Walk Forward - Housekeeping


I felt courageous and clicked on the "look inside" my 3-day-old book, Walk Forward, and noticed two conversion errors in the first 10% of the book. One word was repeated, and a hyphenated word did not convert correctly. I had read about the second error type, but not the first. I wish I did not have any errors in my first few chapters and am perplexed as to how the errors happened. Fixing them is simple, if one likes to format and convert files, but I have no plans to format in the near future,  am seeing code in my sleep, and continue to search for any secrets to the process of ebook publishing!

When some of my paragraphs failed to indent, I could verify that code was missing, I saw the missing symbols, but no matter what I tried, I could not add the needed code. I finally had to alter my content to fit the formatting -- luckily, I am the author of the book and can add or delete content!


Many of you are formatting, please share any and all secret fixes, so that we might all save time!
Seems like a  list of common errors observed after formatting or sending a file to be ground up, would be well received, certainly by this author!

Starting with plain HTML is my secret and  made the process easier than those I read about. I had little manual labor to do, did not have to go through pages correcting code. I had no extraneous code in my manuscript. Using Open Office has some advantages and Word has others, but since I am not comfortable with the new Word program on my computer, I used Open Office and recommend it.

Breathing on a manuscript seems to propagate extraneous code, and holding one's breath, as I did, apparently makes some needed code mysteriously disappear!

There is much housekeeping to do the first days after publication for a single platform. I have not found
a "to do" list anywhere, but am  finding out by the helpful hints of those reading Walk Forward.

One reader emailed that she loved the book, would like to "like" my tags, but I have none!
Another told me she could not find me in "author central" -- maybe an issue per my maiden name?

Amazon prompted me for an RSS feed to my blogs, and I have no clue how to do, but will be reading about it in the wee hours of the morning!

I want to respond to the email and telephone calls I am receiving about the book. I am being asked "Rosa, where did you get all of those details?" -- the answer is that I was lucky that my mother kept a journal which I found after she died last year. Adding details to the stories I remembered was easy, as she wrote them down. This was long before I was serious about writing a book. It remains a very emotional process, because I miss her very much.

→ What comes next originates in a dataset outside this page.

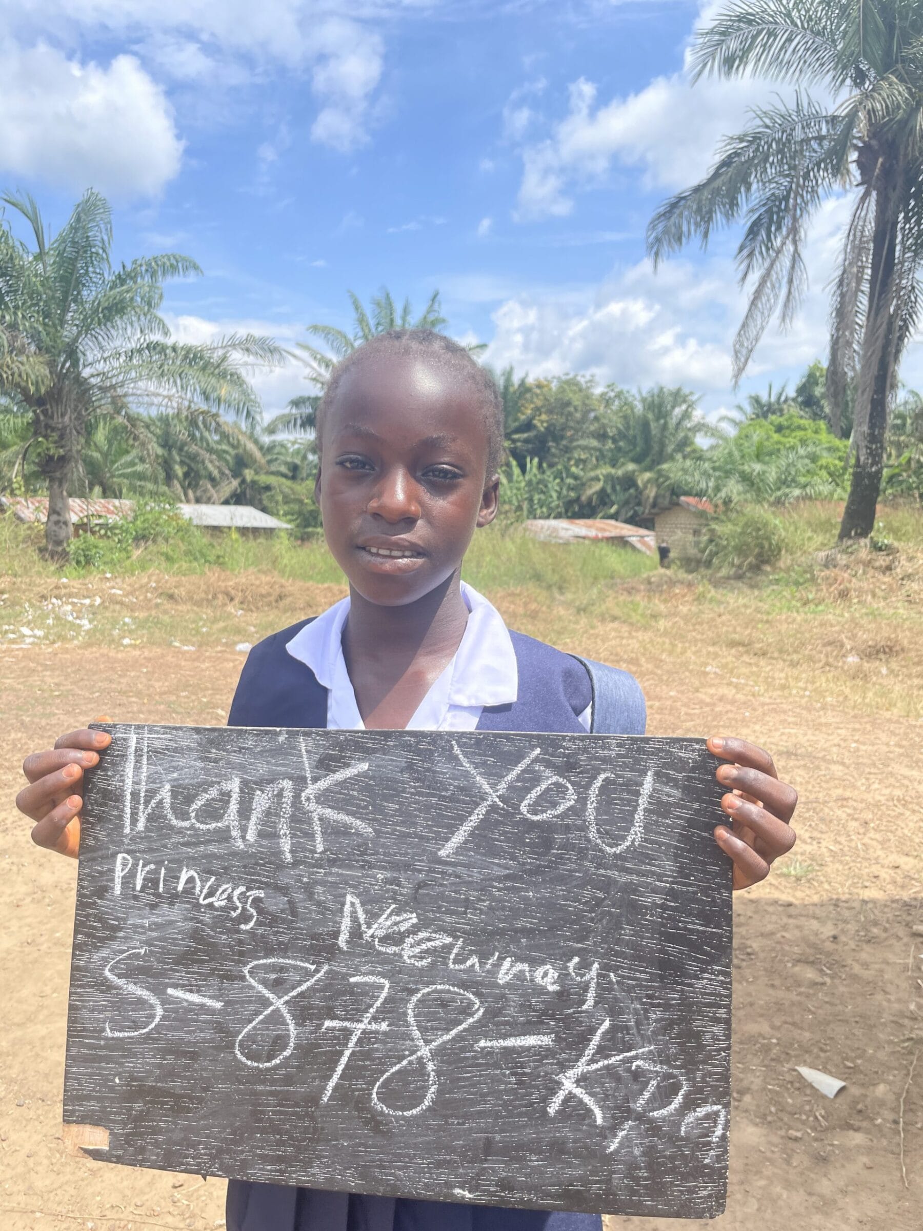 Princess received a double promotion to the first grade this year and is excelling as a student. Despite missing her mom and dad greatly, she is persevering and improving in her lessons. At home, she shows her hardworking nature by helping to draw water and wash clothes for her family in the local creek on Saturdays. Sponsored by: Gregory Kruger

Summary, one can not do a half decent job if attacking all platforms at once. The housekeeping tasks are keeping me busy 24/7. I am glad that I am only on Amazon!

My book keeps moving from #6 to #4  and  back again, in several of its categories, and I can not help scrolling back and forth between Amazon's incredible report module and my book's web page.

I highly recommend checking Amazon's incredible report module which includes statistics on my book in real time!


Wednesday, August 1, 2012

Clarification of ISBNs and Ebook continued

I called Bowker, the company from whom I will buy my ISBNs.  Bowker told me today that my ten ISBNs will wait for me. I do not have to pay an annual fee. For publishers who buy a multitude of ISBNs there is an option of accessing a spreadsheet including all their ISBNs. There is an annual fee for this spreadsheet.  For ten ISBNs no spreadsheet is needed. Since I know I will need two ISBNs, I decided to buy ten as two are the same price as ten.

My book is in final review. I hope to format my book in some generic file so that I can prepare a version for each of the ebook platforms. I wrote my book in HTML, inserted it into Open Office and saved it in the format preferred by each of my reviewers.

Because I wanted to write at the most generic level and hate to do any kind of formatting,  I rather insert style via  codes in my word processor than have to delete extraneous code from my document.

Fixing extraneous code is labor intensive!

I wrote my book in the most simple, generic HTML. I limited myself to the opening and closing tags, no font tags included. Formatting codes will be added to my simple document in Open Office.